Operation on process

• Resoource sharing options

  child share subset of parent's resources

• Execution options

  Parent and child execute concurrently

  Parent waits until child terminates (wait() 함수를 이용하여)

• Address space

  child duplicates parent's address space

  child has a program loaded into it(exec() 함수를 이용하여)

  

  

Fork system call

1. resource sharing:
   • parent and children share files
   • CPU time or memory(address space) are not shared (부모와자식프로세스는 별도의 프로세스이므로)
2. Execution
   • parent and children execute concurrently
3. Address space
   • Child Duplicate parent address space
4. Call once, return twice:
   • fork() return value의 값이 parent(=pid of child)와child(=0)에 따라 다르다.

• Every process has the same program!
  exec system call is used to load a new program
  
• Reaping child processes(부모가 자식을 거둔다)
  parent waits for its children to terminate
  

zombie process

자식 프로세스가 exit()하였는데 부모 프로세스가 wait() 하지않아 자식 프로세스가 zombie 상태가 되는것.

Process termination

• exit: 마지막문장에서 실행되고 OS에게 자발적으로 삭제해달라고 요청한다.

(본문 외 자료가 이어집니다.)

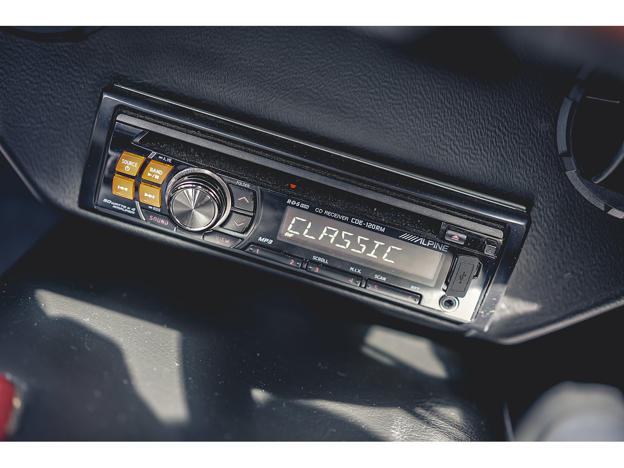 The interior of the car comes in black leather with red piping. It also has a walnut dashboard with a gloss veneer. It comes with a radio fitted, fully functioning air conditioning and 2 USB ports.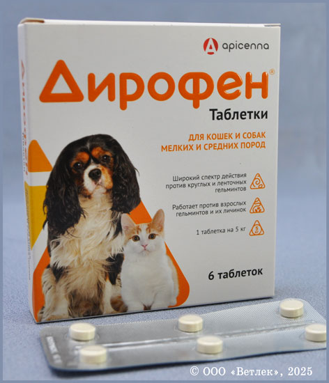 Дирофен таблетки для кошек и собак мелких и средних пород, уп. 6 таб.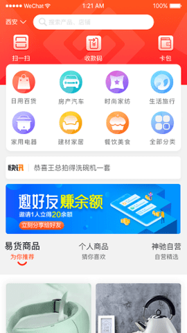 神驰易购为生活用品、房产、汽车、家电、建材、家居产品等提供交易服务。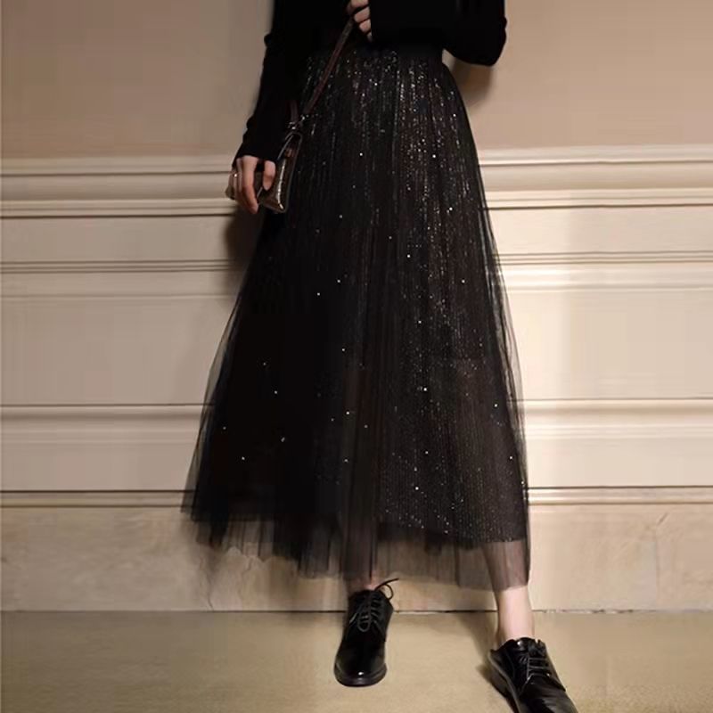 非常に仙人のスカートの網の紗のレースの半身のスカートの女性の春2025新型の中で長いタイプの黒色のアンドロメダの流行の紗のスカート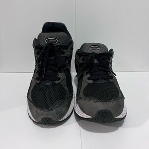 Preowned, well loved. Mainly used for indoor running. Some water spilled on the front of the shoe and messed up the suede a little (view last photos) but I believe they can be cleaned. Aside from that these new balance are still in great shape and still got plenty of life left! Great and super comfortable for any outdoor activity or perfect for a pair of gym shoes. Any other questions feel free to ask 👍🏽.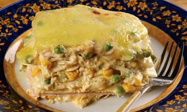 Cozinhe o peito de frango em água com o tablete. Escorra e reserve o caldo. Desfie a carne e reserve. No liquidificador, coloque o leite, a cebola, a maionese, o ketchup, a farinha de trigo e o caldo que sobrou do cozido. Passe para uma panela e cozinhe, mexendo sempre, até engrossar. Junte o frango desfiado, o leite de coco, o milho e a ervilha, o creme de leite e o cheiro-verde. Deixe aquecer e retire do fogo. Para montar a lasanha, use um refratário. Alterne camadas de massa e de recheio de frango e de presunto. Por fim, cubra com a mussarela. Leve ao forno preaquecido com temperatura quente até dourar. Se quiser, polvilhe queijo ralado e sirva.

• abort: 부모가 자식 프로세스를 종료시키는 것.

위 그림에서 1번은 orpahn process가 발생한것이고, 2번은 cascading termination이 발생한것이다.

4. Inter-process communication(IPC)

• Independent process cannot affect or be affected by the execution of another process

• Cooperationg process can affect or be affected by the execution of another process.-> Process 간 communication이 필요하다.

• 장점:

  1. information sharing(ex:file)
  2. computation speed-up
  3. modularity
  4. convinience

IPC:

1. Message passing
2. Shared Memory

위 두가지 방법은 os의 도움이 있어야 한다.

• Producer-Consumer problem using a programmed shared-memory
• producer process produces information
• consumer consumes informathion
• Must be synchronized

Spinlock:

버퍼가 비어있거나, 가득차있을때 발생하는 것.
while(); 루프를 계속돌고 있는 상황

Shared memory:

1. shmget: 프로세스가 share memory를 만든다.

2. shmat: 프로세스가 자신의 address space를 shared memory에 붙인다.

Message-passing:

• IPC facility provides two operations:
  - send(message)
  - receive(message)
• If P and Q communicate:
  - establish Communication link (maibox) between them
  - exchange messages via send/receive
  

Establishing links:

1. Direct communication

   • process must name each other explicitly (= "hard-coding") -> 이름이 바뀌면 recompile 해야한다.
   • send(P,message) - send a message to process P
   • receive(Q,message) - receive a message from process Q

   

2. Indirect communication:

   • Messages are directed and received from mailboxes
   • each mailbox has a unique id
   • processes can communicate only if thy share a mailbox

   

Direct communication vs Indirect communication:

• Direct communication(pipe):
  - Links are established automatically
  - usually bi-directional
  - Between each pair there exists exactly one link
  - shortcoming: can we know the name in advance?

• Indirect communication
  - link established only if processes share a common mailbox
  - A link may be associated with many processes
  - Each pair of processes may share several communication links
  - link may be unidirectional or bi-directional

1. A link may be associated with many processes.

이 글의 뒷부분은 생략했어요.